Dealing with flaky tests is one of the biggest pain points for anyone doing browser and end-to-end test automation. You know the drill - tests that started to fail without any reason. Intermittent failures that sap confidence in the test suite and prevent stable deployments. Maintaining tests can take up to 50% of the time for QA test automation engineer.
Usually, the cause of failure is quite simple: the element name has changed, or a new modal window appeared. What if we could use AI to identify the root cause and try to fix the test on the fly, instead of distracting engineer from their actual work?
That's what I did.
Rather than just re-running flaky tests hoping they'll pass, or manually debugging every failure, I tried several popular AI models with new AI healing feature of CodeceptJS to fix failing tests.
The results were quite promising...
TLDR: AI CAN FIX YOUR TESTS!
But you still need to read further, to learn which models I used and how to configure them.
Failing Test
I started with a failing test which opens GitHub login page but uses incorrect locators.
Scenario('Github login', ({ I }) => {
I.amOnPage('https://github.com')
I.click('Sign in');
I.fillField('Username', 'davert');
I.fillField('Password', '123345');
I.click('Login');
I.see('Incorrect username or password');
});
This test is executed by CodeceptJS using Playwright as an engine. As an alternative, you can use webdriverio as the engine of choice, but I prefer Playwright as it is faster.
This test fails because there is no "Login" button on the page and no "Username" field. So test won't get to the assertion step and fail on interaction.
The failing test runs ~4 secs. We need to keep that information to see how using AI impacts the speed of a test.
Fixing tests on the fly is possible with
heal
plugin of CodeceptJS. It should be enabled incodecept.conf.js
as well as AI provider to make things work.
ChatGPT
This was my first stop, as OpenAI's ChatGPT has been a game-changer in making AI accessible. My model of choice was gpt-3.5-turbo-0125
. To start using it I had to fill my credits balance in OpenAI Console. ChatGPT is still free but if you use it via API, you need to have pre-paid credits. However, it's relatively cheap. I spent only a few cents playing with it.
I updated my codecept.conf.js
file to use it as AI provider:
ai: {
request: async (messages) => {
const completion = await openai.chat.completions.create({
model: 'gpt-3.5-turbo-0125',
messages,
});
return completion?.choices[0]?.message?.content;
}
}
The complete configuration is here
I executed the test few times and with --ai
mode and test has passed. Yey!
I received very sane suggestions to fix tests:
1. To fix Github login
Replace the failed code: (suggested by ai)
- I.fillField("Username", "davert")
+ I.fillField("input#login_field", "davert")
at Test.<anonymous> (./tests/ai_test.js:12:5)
2. To fix Github login
Replace the failed code: (suggested by ai)
- I.click("Login")
+ I.click("input[value='Sign in']")
at Test.<anonymous> (./tests/ai_test.js:14:5)

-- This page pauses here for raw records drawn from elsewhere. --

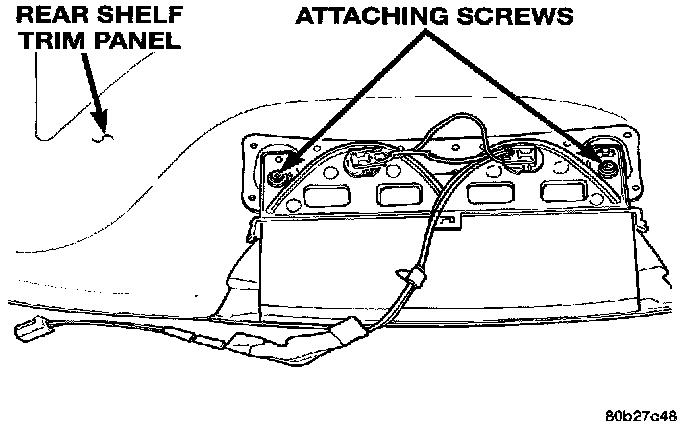 4. Remove fasteners attaching the CHMSL to rear shelf upper panel.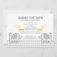 Söt, elefant-babyduschinbjudan med en grått-gingham-check mönster och gult-hjärtan.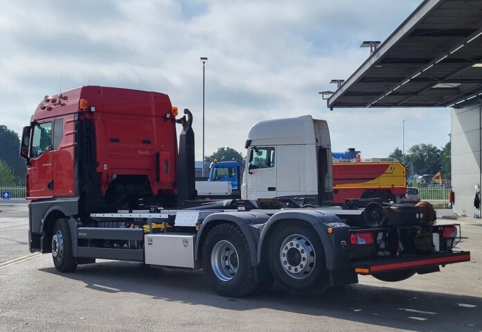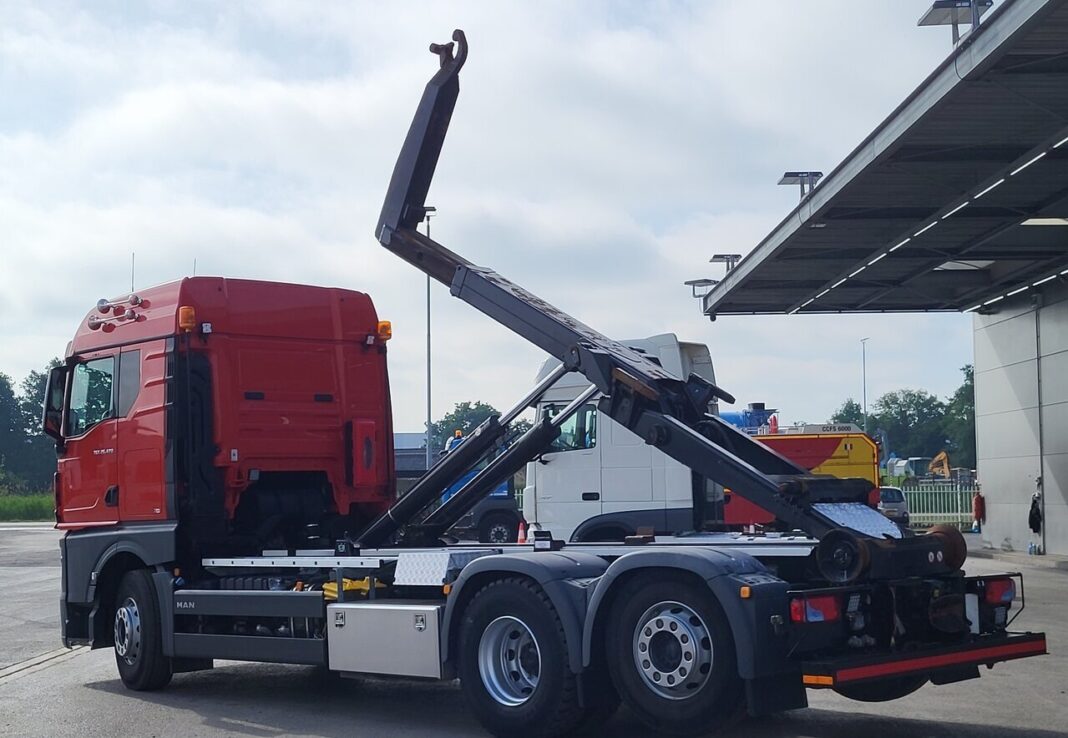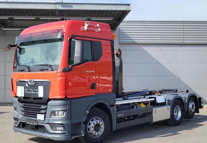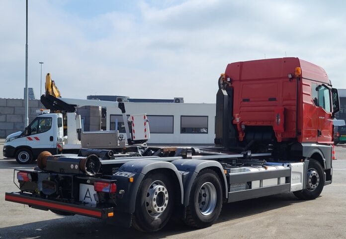 The MAN TGX 26-WMA1 hooklift truck with VDL system is a powerful and efficient vehicle, ideal for heavy-duty transport.

Both are correct. However, test duration has risen from 4s to 12s which is not great not terrible. I can assume that every call to OpenAI can take an additional ~4s (or more).
Claude (Anthropic)
I then tried the impressive Claude model from Anthropic. Claude seemed to have stronger reasoning capabilities and was able to provide more nuanced suggestions. I liked Claude more than ChatGPT 3.5 when I had to solve my daily programming tasks. How good Claude is when it comes to fixing tests on the fly?
Claude provides free 5$ credits to start. Nice!

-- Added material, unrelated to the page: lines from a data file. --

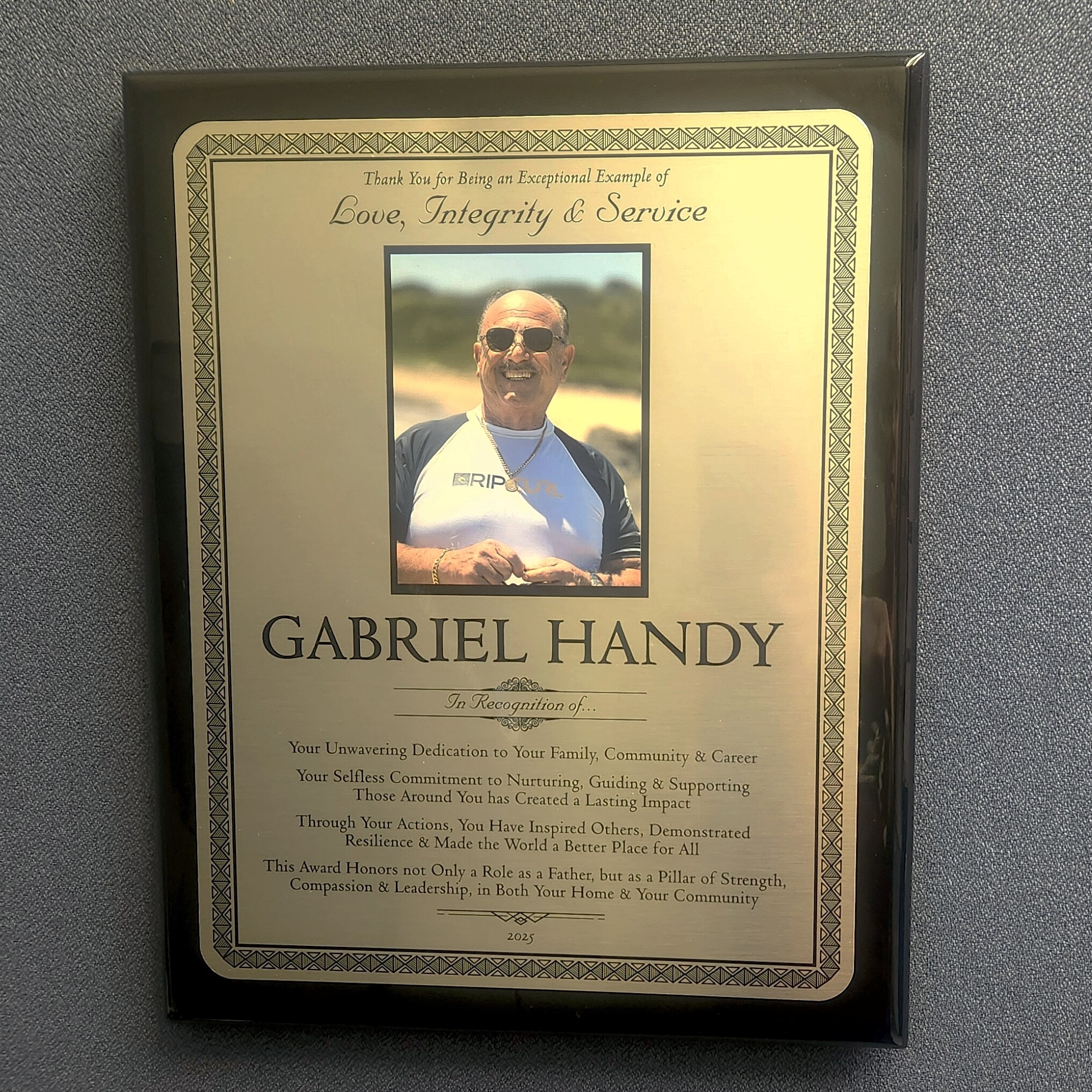 Beautiful hand rubbed piano finish plaque with full color sublimation on gold metal. Sublimation is a process that embeds dyes into coated metal - it is UV stable (won't fade) and permanent and unlike silk-screening it can't be picked off.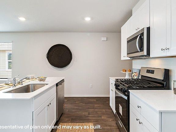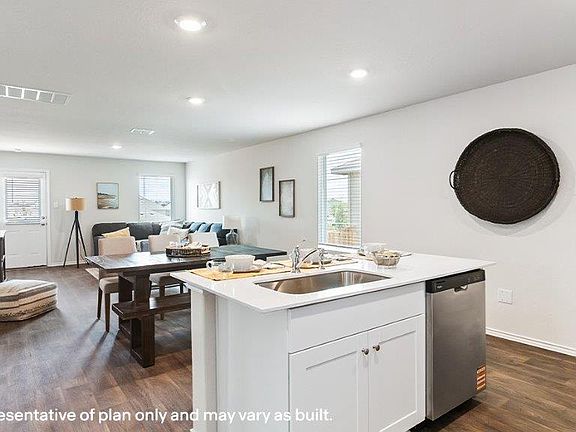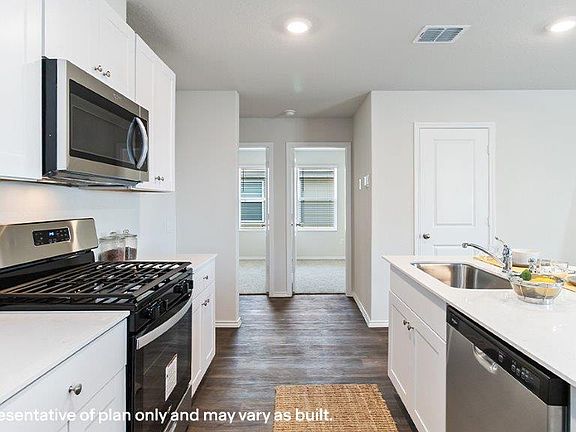Discover the Barton plan, one of our new homes in Buffalo Farms in Oklahoma City. With 3 bedrooms, 2 bathrooms, and 1280 square feet, this home offers space and comfort. Secondary bedrooms are thoughtfully placed near the entry, leading you into the open-concept living spaces. The kitchen showcases shaker-style cabinets, stainless steel appliances, a pantry, and a central island with sink and dishwasher. At the back, the primary suite provides privacy with an adjoining bath and a generous walk-in closet. This home includes our Home Is Connected® smart home package — featuring a camera doorbell, control panel, Kwikset® keypad lock, and smart switches. It also comes with a fully sodded front and back yard. This design blends function and style, making it perfect for families searching for new homes in Oklahoma City.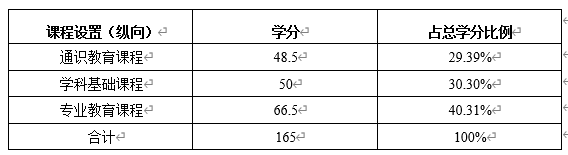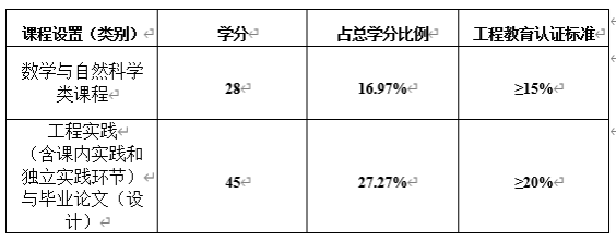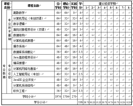计算机科学与技术专业学分设置统计表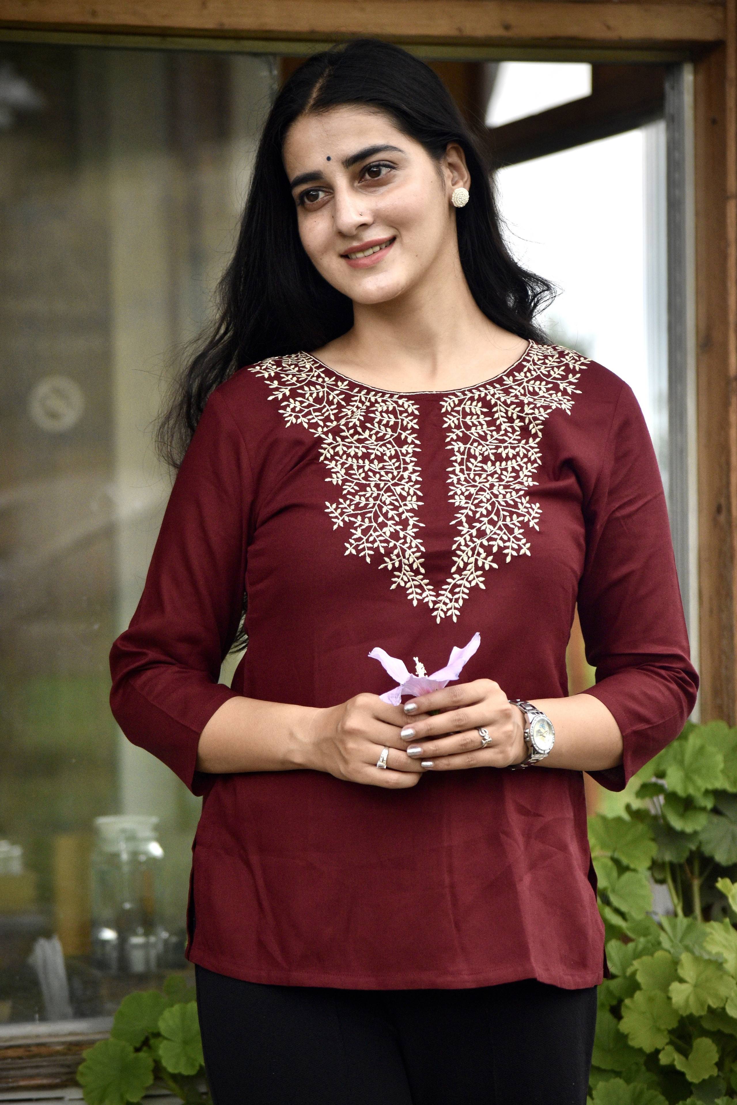 दिस कुर्ता इज़ डिज़ाइंड विथ ए स्ट्रेट कट, मेकिंग इट ए वर्सेटाइल एंड फ्लैट्टरिंग ऑप्शन फॉर मेनी बॉडी टाइप्स. ईट्स मेड फ्रॉम रेयॉन, ए फैब्रिक नोन फॉर इट्स सॉफ्टनेस एंड ड्रेप, व्हिच ऐड्स ए कम्फर्टेबल एंड फ्लॉवी एलिमेंट टू द गारमेंट. द एम्ब्रॉयडरी डिटेल्स आर लाइकली टू बी ए की फीचर, ऐडिंग ए टच ऑफ एलिगेंस एंड क्राफ्ट्समैनशिप. रेयॉन इज़ ऑल्सो नोन फॉर इट्स ब्रेथेबिलिटी, सो दिस कुर्ता कुड बी ए गुड चॉइस फॉर वार्मर वेदर ऑर फॉर लेयरिंग इन कूलर क्लाइमेट्स. इट कैन बी पेयर्ड विथ लेगिंग्स, चूड़ीदार्स, ऑर इवन जींस फॉर ए मॉडर्न ट्विस्ट ऑन ट्रेडिशनल स्टाइल.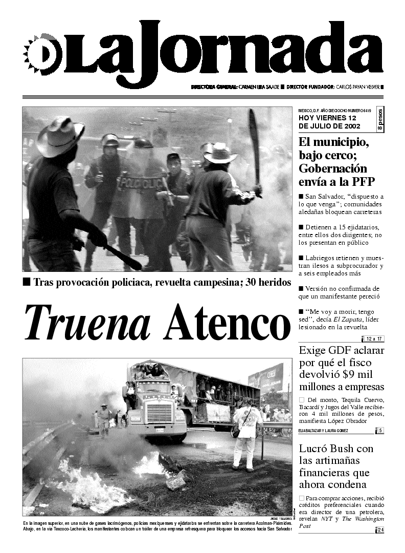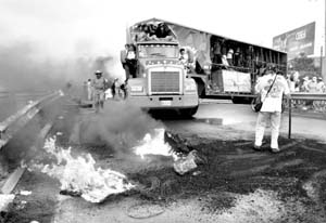En la imagen superior, en una nube de gases lacrimógenos, policías mexiquenses y ejidatarios se enfrentan sobre la carretera Acolman-Pirámides. Abajo, en la vía Texcoco-Lechería, los manifestantes colocan un tráiler de una empresa refresquera para bloquear los accesos hacia San Salvador Atenco FOTO JESUS VILLASECA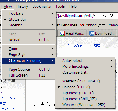 Suatu halaman web yang benar seharusnya memberi informasi ke browser tentang pengkodean yang dipakainya. Kalau hal ini lalai dilakukan, browser biasanya menebak-nebak dan kadangkala (seringkali?) tebakannya salah. Yang bisa kita lakukan adalah mencoba kemungkinan pengkodean lain. Di Firefox 3, hal ini dilakukan dari menu View – Character Encoding:

I updated my config to use claude-2.1
model via Anthropic SDK:
ai: {
request: async(messages) => {
const resp = await anthropic.messages.create({
model: 'claude-2.1',
max_tokens: 1024,
messages
});
return resp.content.map((c) => c.text).join('\n\n');
}
}
This model also provided valid results:
1. To fix Github login
Replace the failed code: (suggested by ai)
- I.fillField("Username", "davert")
+ I.fillField('#login_field', 'davert');
at Test.<anonymous> (./tests/ai_test.js:12:5)
2. To fix Github login
Replace the failed code: (suggested by ai)
- I.click("Login")
+ I.click('.js-sign-in-button');
at Test.<anonymous> (./tests/ai_test.js:14:5)

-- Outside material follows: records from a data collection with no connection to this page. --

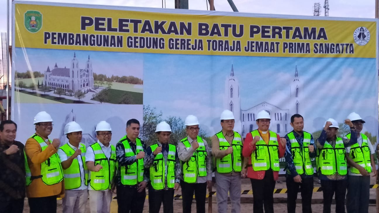 KUTIM: Bupati Kutai Timur (Kutim), Ardiansyah Sulaiman, memimpin peletakan batu pertama pembangunan Gereja Toraja Jemaat Prima Sangatta pada Rabu, 13 November 2025.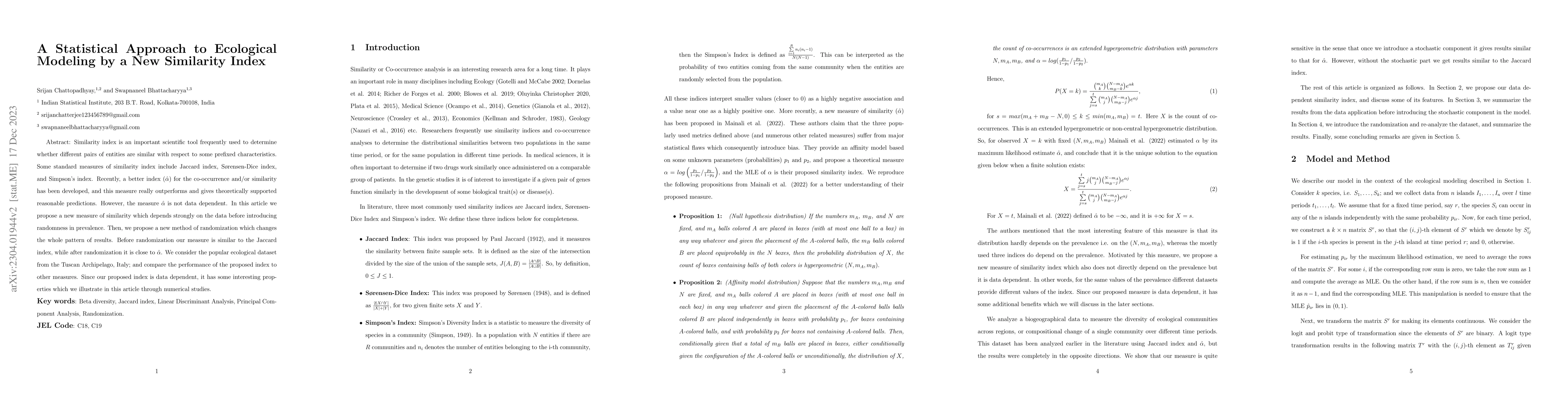This paper introduces a new data-dependent similarity index that enhances ecological modeling by incorporating a novel randomization method, comparing its performance to traditional indices like Jaccard and $\hat{\alpha}$ using the Tuscan Archipelago dataset. The proposed index shows promising properties through numerical studies.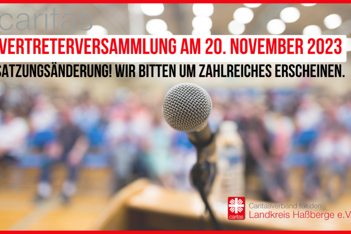 Satzungsreform im Caritasverband Haßberge e.V.: Bitte um Teilnahme aller stimmberechtigten Vertreterinnen und Vertreter! Die diesjährige ordentliche Vertreterversammlung des Caritasverbandes für den Landkreis Haßberge e.V. findet am Montag, 20.11., um 19:30...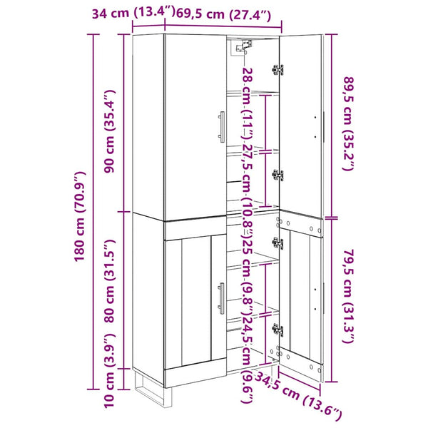 - Yleiset mitat: 69,5 x 34 x 180 cm (P x L x K)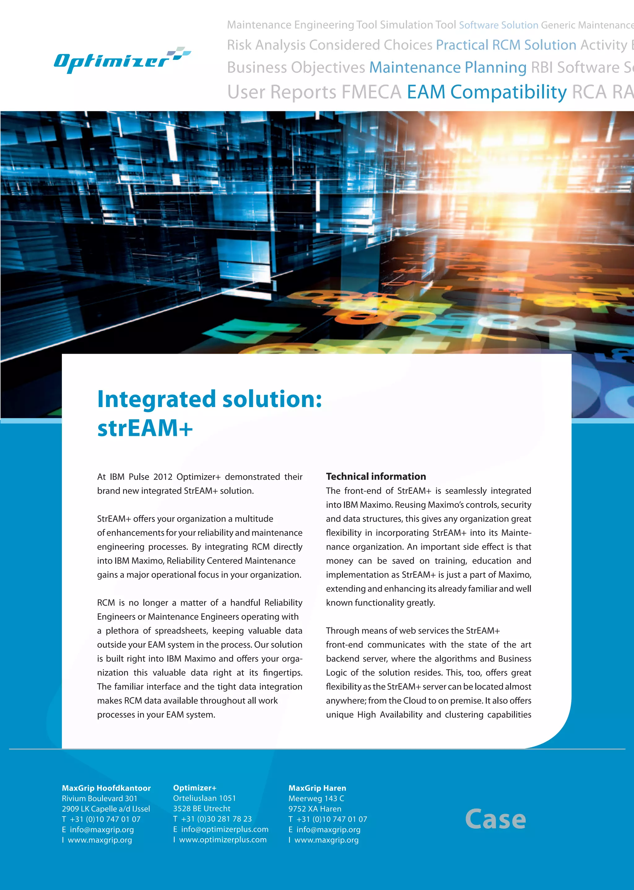The document describes the integrated maintenance engineering tool, Stream+, which enhances reliability centered maintenance (RCM) by integrating seamlessly with IBM Maximo. It offers flexibility, operational focus, and significant cost savings on training and implementation, while supporting industry standards for various sectors. Additionally, Stream+ allows organizations to make informed decisions about asset maintenance, improving process efficiency and reducing impact on workloads and budgets.

But took almost 25 secs! That's too long!
However, I used the legacy Claude 2.1 model, Anthropic recommends Haiku
model as a lightweight replacement for it.
So I updated my config:
request: async(messages) => {
const resp = await anthropic.messages.create({
model: 'claude-3-haiku-20240307',
max_tokens: 1024,
messages
});
return resp.content.map((c) => c.text).join('\n\n');
}
However, it was not faster than claude 2.1. It took 25s.
AI assistant took 25s and used ~3K input tokens. Tokens limit: 1000K
===================
Self-Healing Report:
2 steps were healed
Suggested changes:
1. To fix Github login
Replace the failed code: (suggested by ai)
- I.fillField("Username", "davert")
+ I.fillField('#login_field', 'davert');
at Test.<anonymous> (./tests/ai_test.js:12:5)
2. To fix Github login
Replace the failed code: (suggested by ai)
- I.click("Login")
+ I.click('Sign in');
at Test.<anonymous> (./tests/ai_test.js:14:5)
I think Claude's general purpose model is not the best choice for healing tests.
Mixtral
Mixtral was something new to me. I never tried to use mostly because it doesn't have common chat interface as Claude or ChatGPT. But recently I discovered service Groq that provides the same experience as ChatGPT and Claude but for opensource models like Mixtral.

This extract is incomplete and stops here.